Нежный потолок шалаша разлетелся и обдал обоих путников сыпучим снегом.
– Да ну тебя... годи! И без того продрогли, а он еще за шею насыпал добра... Ну, молодцы мы с тобой, Ахметка, – ударил он его ласково по плечу, – ловко пересидели ночь, да еще какую клятую – шабаш ведьмовский! Таки из тебя будет добрый казак, ей богу!
– Возле батька всяк добрым станет...
– Ну, ну, молодец! Славный джура, – притиснул его к груди Богдан. – А стой, братец, стой... – обратил он теперь внимание на совсем побелевшие уши у хлопца. – Болят? – дотронулся до них он слегка.
– Ой, печет! – ухватился и Ахметка за ухо.
– Неладно... отморозил... – покачал головою Богдан, – вчера бы снегом растереть, а теперь поздно... так и останешься значеный... мороженый...
– Что ж они, отпадут, батьку? – огорчился джура.
– Нет, пустое... только белыми останутся... а загоим то мы их зараз... Вали эту халабуду, выводи коней... да отряхни и перекинь мне керею!
Вывели из этого сугроба казаки коней, обмахнули им спины от снега и пробегали их взад и вперед.

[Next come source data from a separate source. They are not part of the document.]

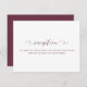 Marsala e cartão branco de recepção de casamento simples e chic burgundy com escrita de caligrafia clássica.
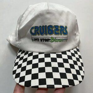 Cruisers Pit Stop Diner Hat 90s Boomer Cap with Checkered Brim – Adult Snapback
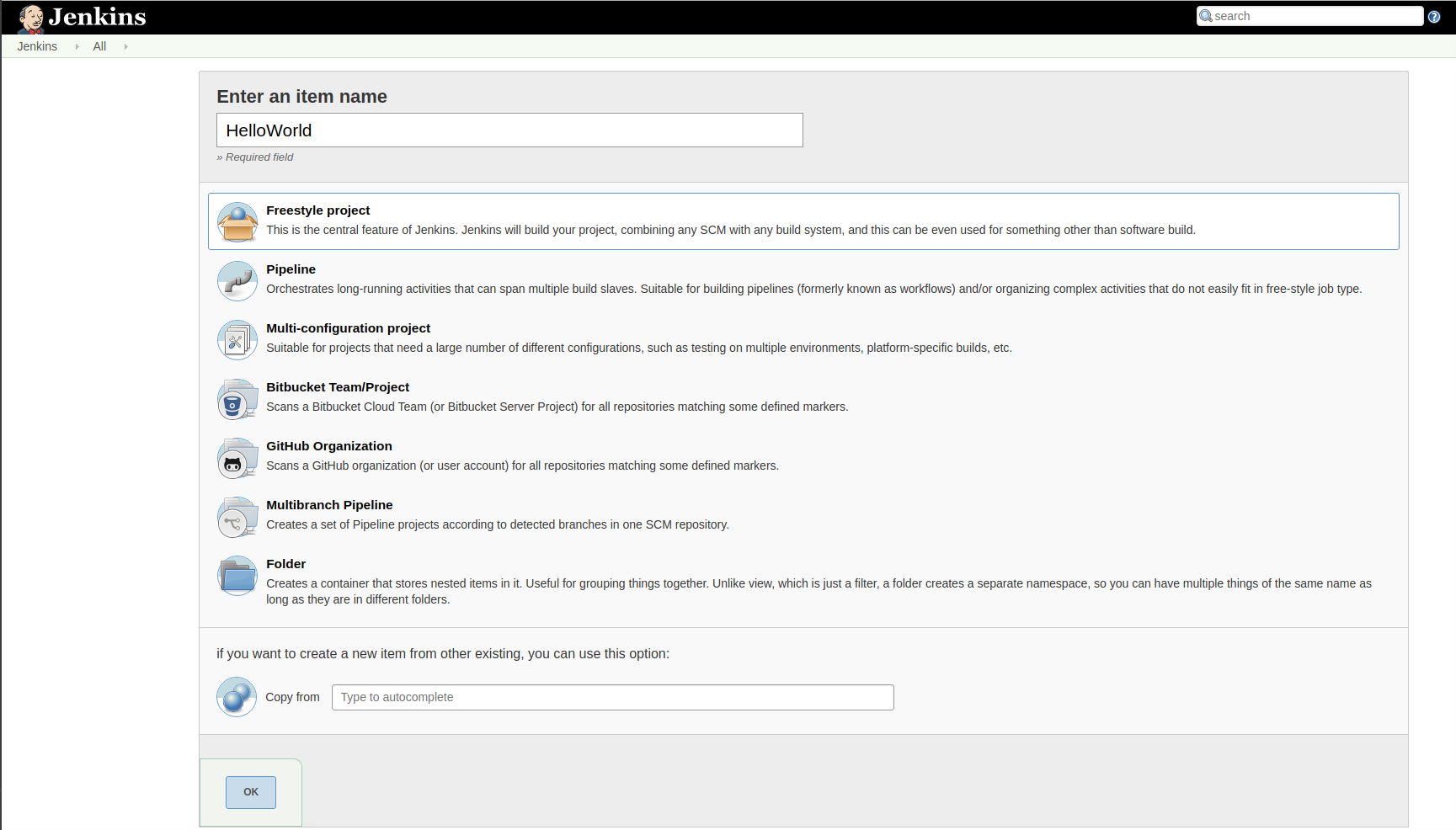 第2步- 为项目起名HelloWorld,单击选择Freestyle project,点击OK
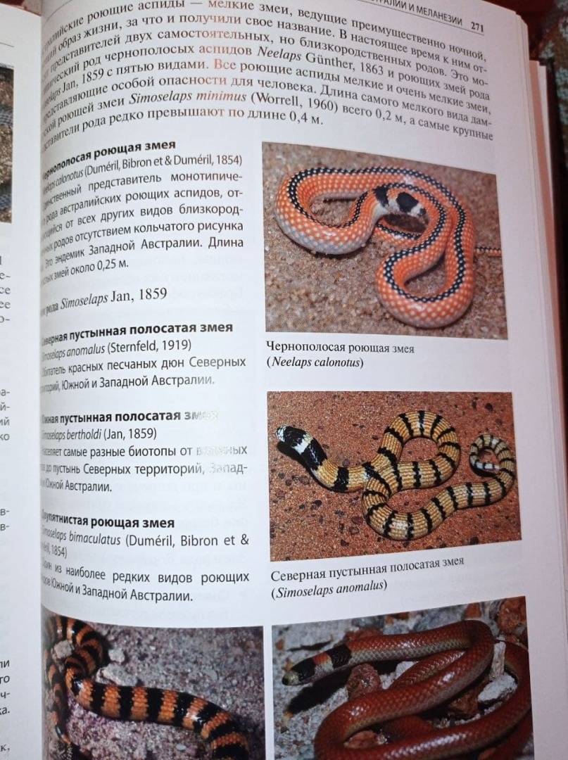 Змеиные яды делятся на нейротоксичные, гемотоксичные, миотоксичные и цитотоксичные. И у каждого своё специфическое действие. Для солидного полезного издания на эту тему надо было бы обязательно упомянуть к какому виду яда относится яд той или иной змеи. А так это просто альбом с картинками. Надеюсь в переиздании (если...
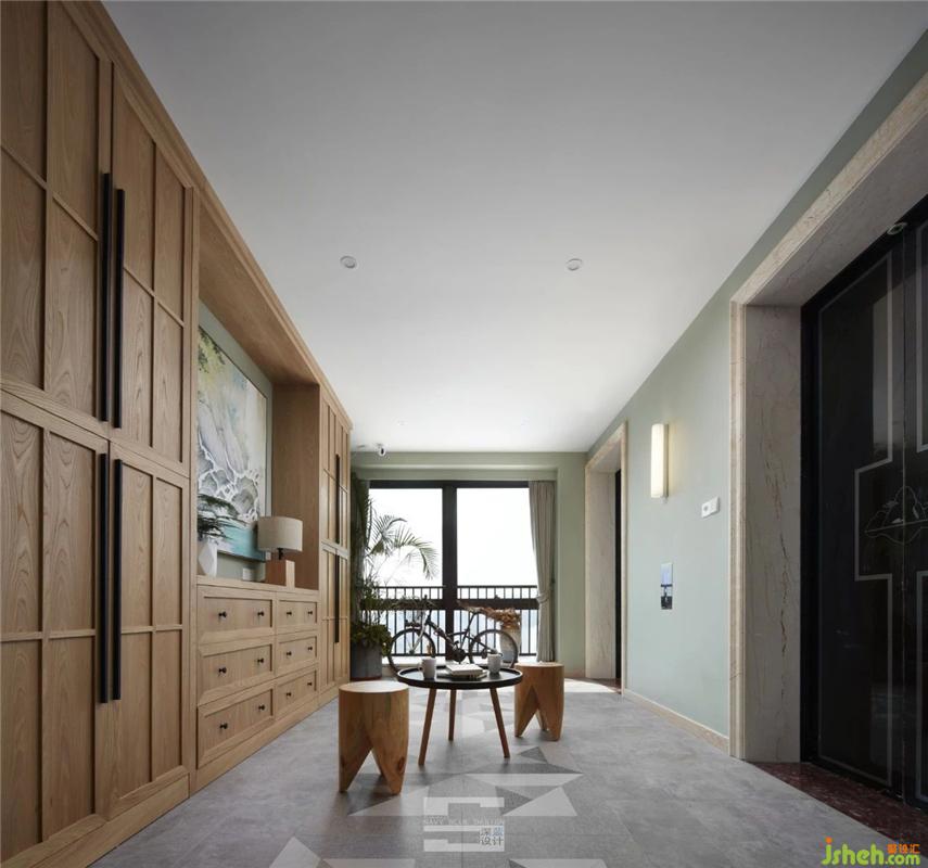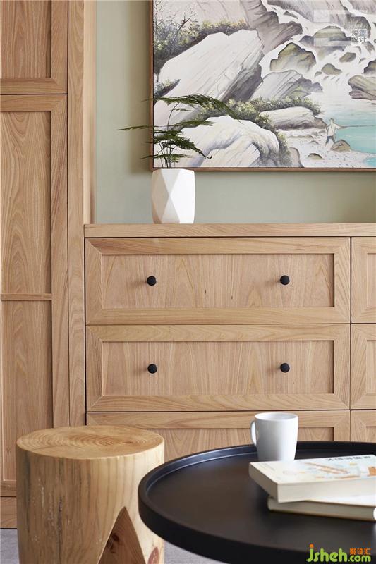 綠色的墻面搭配木色的柜子、茶幾、木凳子,進(jìn)門便是一股清新氣息撲面而來,讓人心曠神怡。室內(nèi)設(shè)計(jì)師

– А ну, хлопче, разрежь теперь подушку в моем седле, – улыбнулся Богдан, – там у меня хранится такой запас, который только можно тронуть в минуту смертельной нужды... Голодали мы и кони в пути, да нет, – его я не тронул, а вот теперь настал час, выбились из последних сил: смертельная нужда подкрепиться, чтобы двинуться в путь... А и путь теперь не малый: загнала нас заверюха черт его знает куда!..
Ахметка распорол подушку: она была набита отборной пшеницей, а на самом дне в свертке лежали тонкие'ломти провяленной свинины и кусок сала... Богдан им сейчас вытер Ахметке уши.
Дали потом казаки коням по доброй гелетке{16} пшеницы, выпили сами по кухлику оковитой, закусили свининой и, подбодрившись, отправились в путь.
Небо было чисто; от вчерашних снежных, свинцовых туч не осталось на нем ни клочка, ни пряди. Ветер совершенно упал, и в тихом, слегка морозном воздухе плавала да сверкала алмазными блестками снежная пыль.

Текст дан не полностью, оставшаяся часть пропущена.